[Start of Attachment]

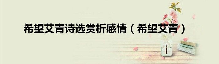 关于希望艾青诗选赏析感情,希望艾青这个很多人还不知道,今天菲菲来为大家解答以上的问题,现在让我们一起来看看吧!
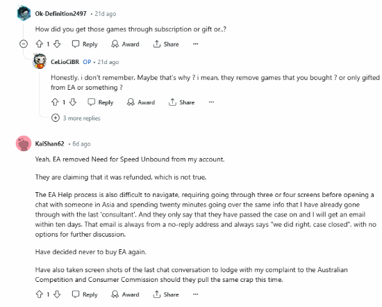 在评论区中,也有一些玩家表示自己遇到了同样的情况,有玩家甚至表示,自己以后不会再买EA的游戏。
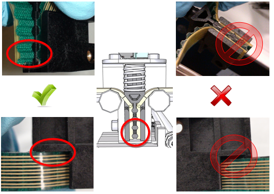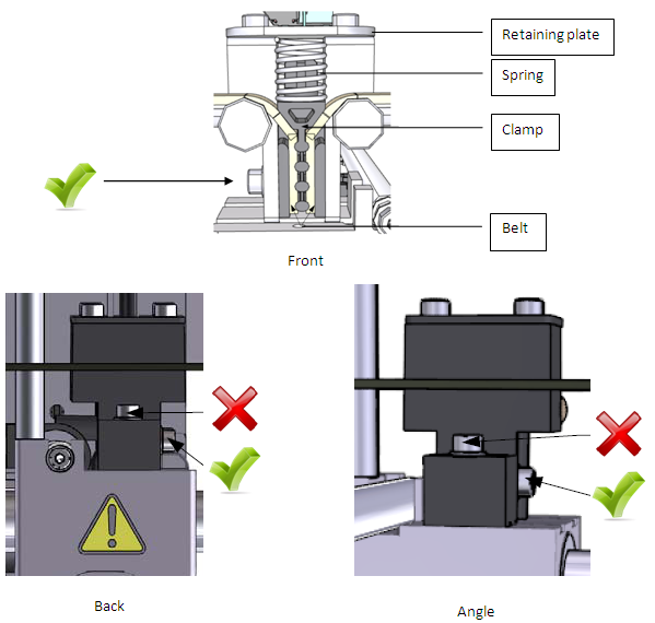 Attach one end of the belt to the clamp. Make sure the last tooth is positioned as shown in the following image. The belt should also be fully seated in the clamp so there is no gap.
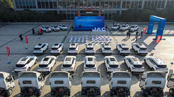 江淮汽車(chē)出口挪威500臺(tái)e-JS4暨法國(guó)西班牙100臺(tái)電動(dòng)輕卡發(fā)車(chē)儀式
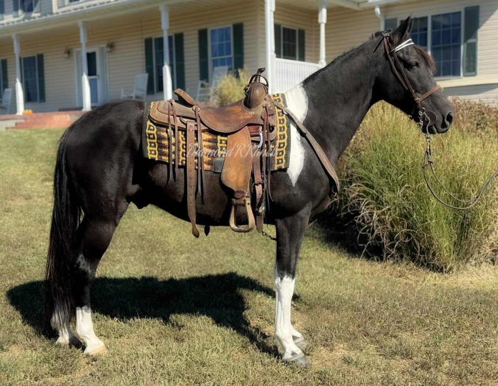 “Cisco” is absolutely beautiful! He is marked up with the perfect amount of white and his mane hangs nearly to the bottom of his shoulder. He is a 9 year old grade Missouri Fox Trotter gelding. He is 15.2 hands tall. He is a seasoned trail riding horse. He has been ridden in the hills and rocks and can handle anything that you point him at. He is very quiet. He will ride out alone if you don’t have anyone to ride with. He will walk with Quarter horses. He has a wonderful smooth natural gait. He will canter right out of his tracks. He will ride one handed or two. Just whichever you prefer. He will cross water. Mud doesn’t bother him. He stands quietly for grooming, bathing and putting your saddle on. He loads and hauls well. He is good in the stall and gets along well with other horses in the pasture. This handsome guy will turn heads everywhere you ride him. If you are looking for a smooth and flashy trail horse, then you will love Cisco!
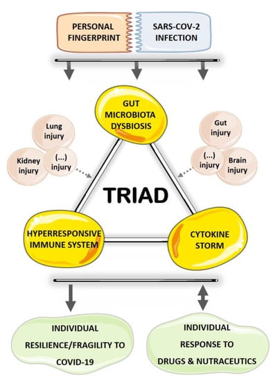 The interplay between the gut microbiota dysbiosis–immune hyperresponse–inflammation triad in Coronavirus Disease 2019 (COVID-19) and the putative influence on disease progression and response to therapies. Rather than being merely restricted to the lower respiratory tract, severe acute respiratory syndrome coronavirus 2 (SARS-COV-2) infection extends to other organs, namely the gastrointestinal tract (multi-tissue infection). Influenced by the lifetime cross-modulations between the immune system and the microbiota (like a personal fingerprint), gut microbiota dysbiosis, immune hyperresponse, and an inflammatory setting are elicited under these circumstances (triad). On behalf of the intricate influence of gut microbiota (GM) on host immune effectors and subsequent inflammatory profile, GM composition and function might contribute to explain the individual resilience/fragility to COVID-19 and/or the response to therapeutics, which deserves further research.
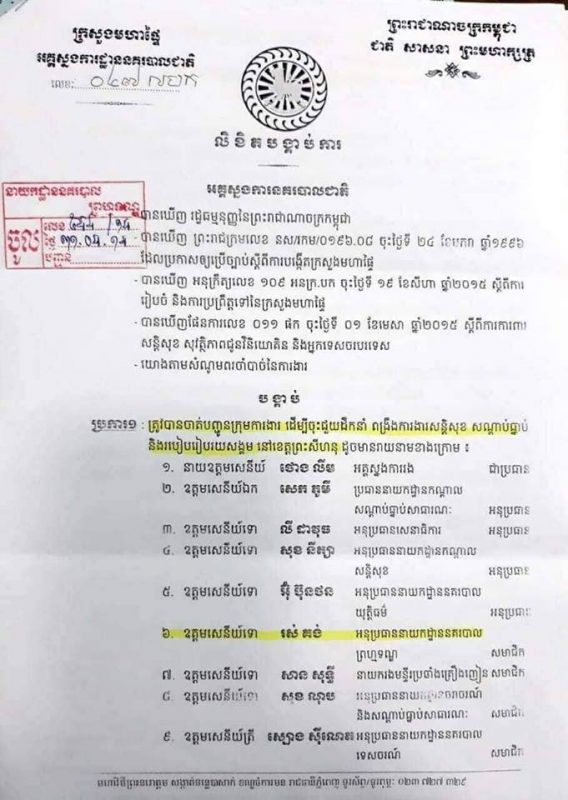 (ព្រះសីហនុ)៖ លោកនាយឧត្តមសេនីយ៍ នេត សាវឿន អគ្គស្នងការនគរបាលជាតិ នៅថ្ងៃទី៣១ ខែសីហា ឆ្នាំ២០១៨ បានចេញលិខិតបង្កាប់ការចាត់បញ្ជូនក្រុមការងារ ដើម្បីចុះជួយដឹកនាំ ពង្រឹងការងារសន្តិសុខ សណ្តាប់ធ្នាប់ និងរបៀបរៀបរយសង្គម នៅខេត្តព្រះសីហនុ ដែលមានថ្នាក់ដឹកនាំជាន់ខ្ពស់នគរបាលជាតិប្រមាណ១១រូប ដោយចាប់ពីសក្តិ៥​រហូតដល់ផ្កាយ៤ និងពីថ្នាក់អនុប្រធាននាយកដ្ឋាន រហូតដល់អគ្គស្នងការរងនគរបាលជាតិ ដែលដឹកនាំដោយ លោកនាយឧត្តមសេនីយ៍ ថោង លីម អគ្គស្នងការរងនគរបាលជាតិ ។
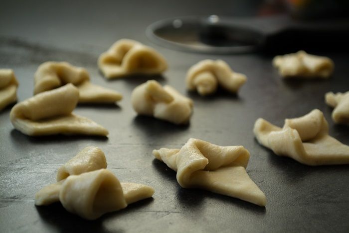 Περνάμε μέσα στην σχισμή την μια άκρη της ζύμης, φτιάχνοντας «αυτάκια».
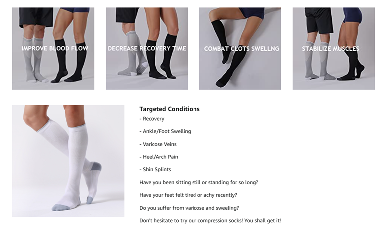 - ★Circulation & Muscle Support: 5 zones of Graduated compression socks boost venous flow, protect the Plantar Fascia, support the Achilles, improve circulation and reduce swelling, creating these compression socks comfortable and easy to wear daily. These 20-30mmHg compression support socks help relieve the shin splints, painful joint & muscle stiffness, reduce the fatigue, treat varicose veins, avoid blood pooling in the extremities, fasten the recovery of your muscle.
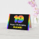 Denna glada och roligt-hälsningskort har numret 19 med ett multifärgat regnbågsspektrum som inspirerar gradienten mönster, tillsammans med meddelandet Lycklig 19:e födelsedagen, och en anpassningsbar mottagare namn. Insidan innehåller ett hälsning-meddelande från anpassadets födelsedag, eller kan kanske tas bort och lämnas tomt om ett meddelande ska skrivas för hand i stället. Ett sådant här glatt, anpassat födelsedag kan skickas i firande på någons nittonårsdag. [~Z0000631]
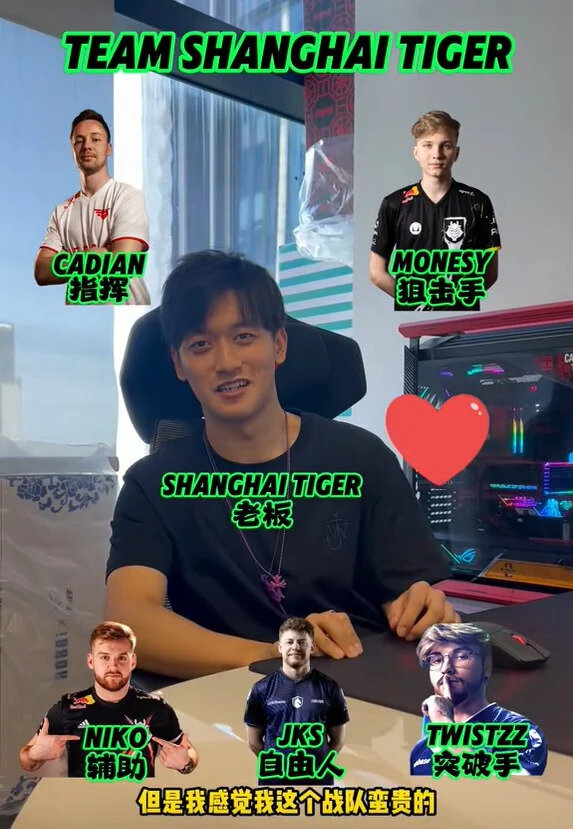 В команду мечты китайского гонщика попал 19-летний россиянин Илья «M0nesy» Осипов, его тиммейт по G2 Никола «Niko» Ковач, рифлеры Джастин «Jks» Севейдж и Рассел «Twistzz» ван Далкен, а также датский капитан Каспер «Cadian» Меллер.

[End of Attachment]

| TASK DETAILS |
Reproduce the material above from its first line through the line containing "在评论区中,也有一些玩家表示", both ends included, and skip every picture.

| ANSWER SPACE |
 关于希望艾青诗选赏析感情,希望艾青这个很多人还不知道,今天菲菲来为大家解答以上的问题,现在让我们一起来看看吧!
 在评论区中,也有一些玩家表示自己遇到了同样的情况,有玩家甚至表示,自己以后不会再买EA的游戏。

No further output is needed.